The phouka dropped onto the couch. For a while he seemed absorbed in studying the ceiling; when he spoke, he sounded pensive. "Sometimes I think he's the best of a bad lot. He's the youngest of the Sidhe, you know, and one of the very few native to this country."
"He told me things about himself, when we first . . . Were they true?"
"I don't know what he said, but I imagine so. He has spent a long time out of Faerie, traveling, living alone or among humankind. For the Sidhe, he is a puzzle—not a disgrace, but full of things that seem alien to them. They think his concerns are too much those of mortal folk."
"Shows you how much they know about mortals," Eddi muttered.
The phouka smiled. "It's true that Willy has learned the surface of mortal life, and missed much of the substance. But not all of it. He is hunting something, and he doesn't hunt it in Faerie. However much that may distress his kin, I've taken it as a hopeful sign."
Eddi tuned the new string to her guitar, and tried a few chords. Willy's axe was an excellent one, with good electronics and action. Other than that, it was a perfectly ordinary guitar. "You mean, that the next generation will rule better than this one? Just because one of 'em is restless and hangs out with mortals?"
"If the failing of this generation is complacency, yes."
"I wouldn't say your queen is complacent right now."
"Now," he said softly, "neither would I."

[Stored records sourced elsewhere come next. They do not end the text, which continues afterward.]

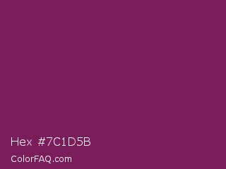 Hex #7c1d5b Color is a dark magenta color and the nearest color is French Plum #811453. Hex code #7c1d5b and RGB value is rgb(124,29,91). In RGB color space, this color is composed of 49% red, 11% green, 36% blue, In CMYK color space, this color is composed of 0% cyan, 77% magenta, 27% yellow , 51% black , In HSL color space, this color has a hue angle of 321° , 62% saturation and 30% lightness.
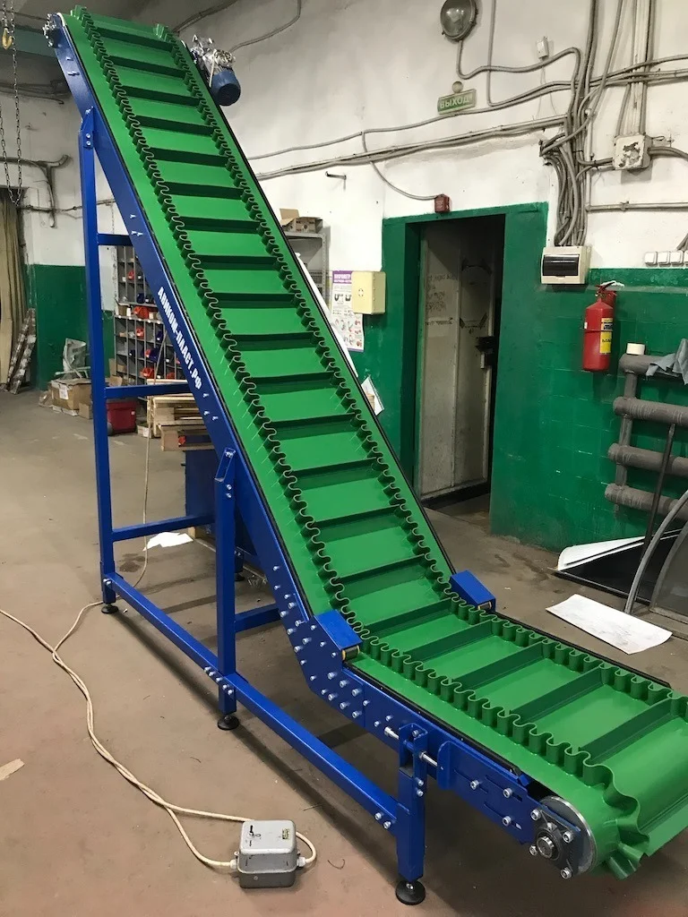 - Наклонная конструкция — позволяет транспортировать грузы на разную высоту, оптимизируя логистику на производстве.
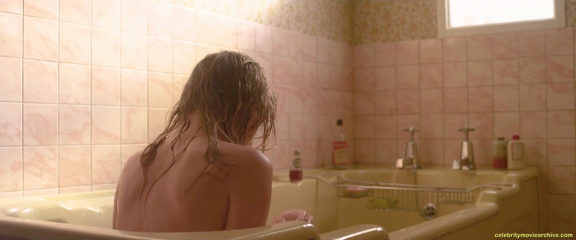 The first scene is from a movie called “Rachel”. In this scene we see Suki Waterhouse as she climbs nude into the bath, revealing the side of her breast, and then sinks into the water while she gradually starts to masturbate and grips her breasts, displaying her left nipple while she moans louder and louder, before she eventually orgasms all the while various people knock on the door and call out to her.
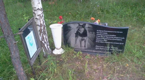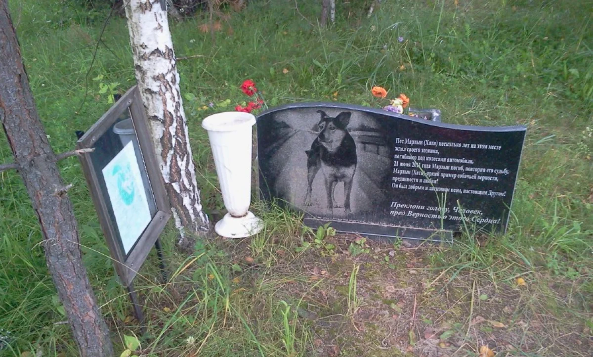 Сегодня ездил в город Козельск и на обратном пути не пожалел времени съездить на могилу к верному псу Мартыну или как его еще называли Хати. Который на месте гибели своего хозяина прожил 3 года.
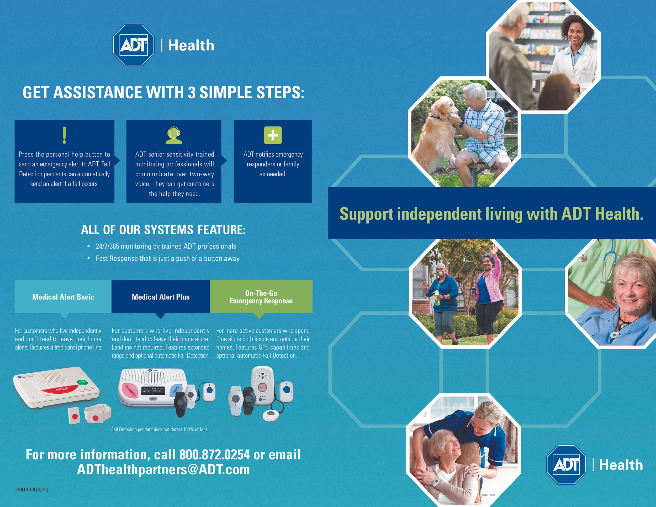 Below is another marketing brochure for ADT Health targeted towards seniors. This trifold details the benefits of why someone should choose ADT Health. The look and feel is on-brand and consistent with existing ADT Health pieces.
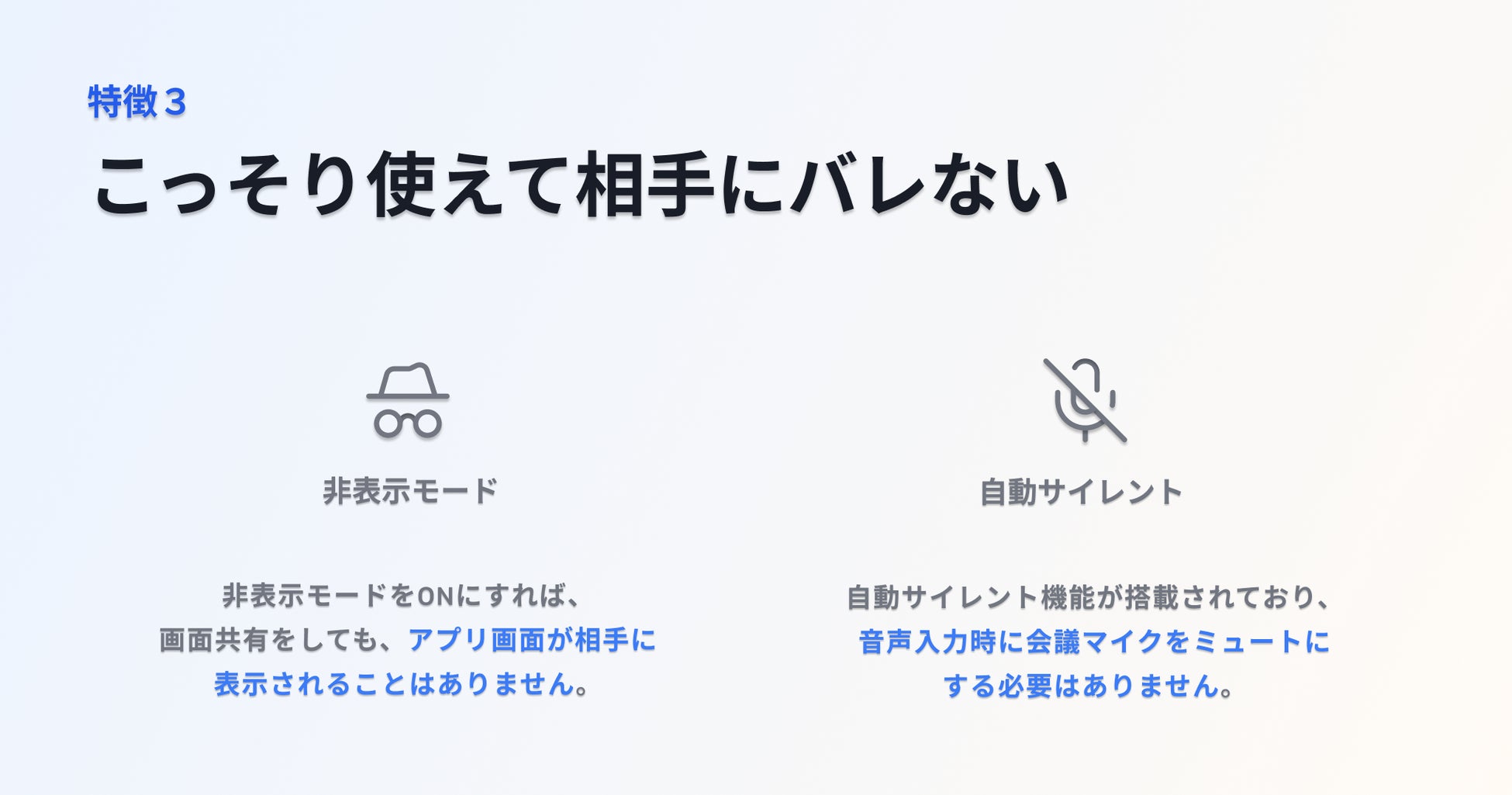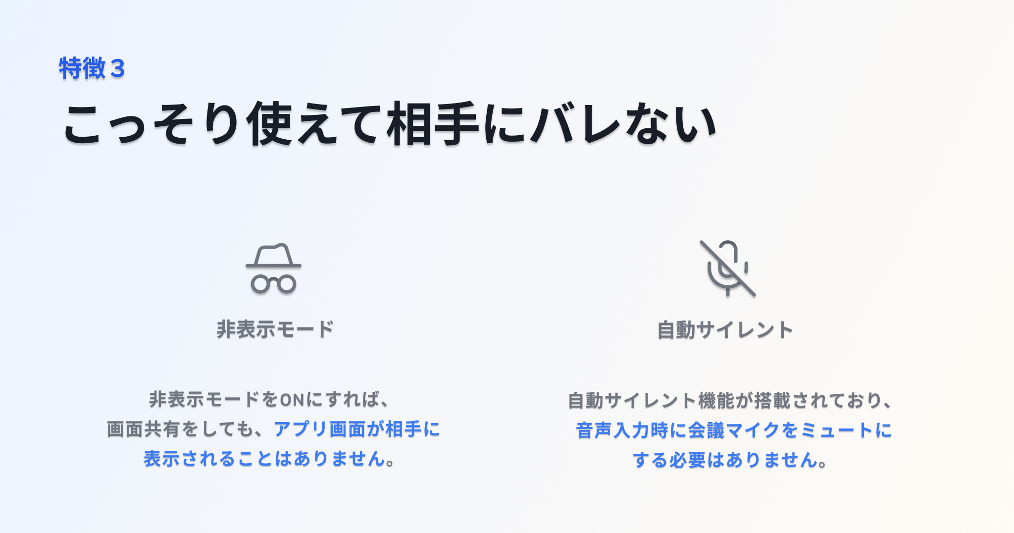 さらに自動サイレント機能により、発話支援のために音声入力を行っている間も、マイクを手動でミュートに切り替えることなく、会議相手に音声が聞こえることはありません。
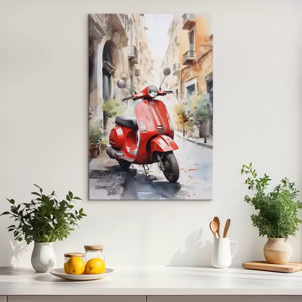 Wandbilder Rotes Motorrad auf der Straße von Rom Aquarell Art. s40728

They heard people on the stairs. It was Carla, Dan, and Hedge, all at once. Eddi saw Carla look around the room for things out of place.
"Have a seat, guys," Eddi told them. "The news is pretty strange."
She told them about her meeting with the Lady. Dan looked grim. Hedge looked pale and sick. "They're gonna let him
die?"
Carla wailed, as if the Seelie Court had failed to consider the consequences of the decision, and by sheer volume, she could remind them.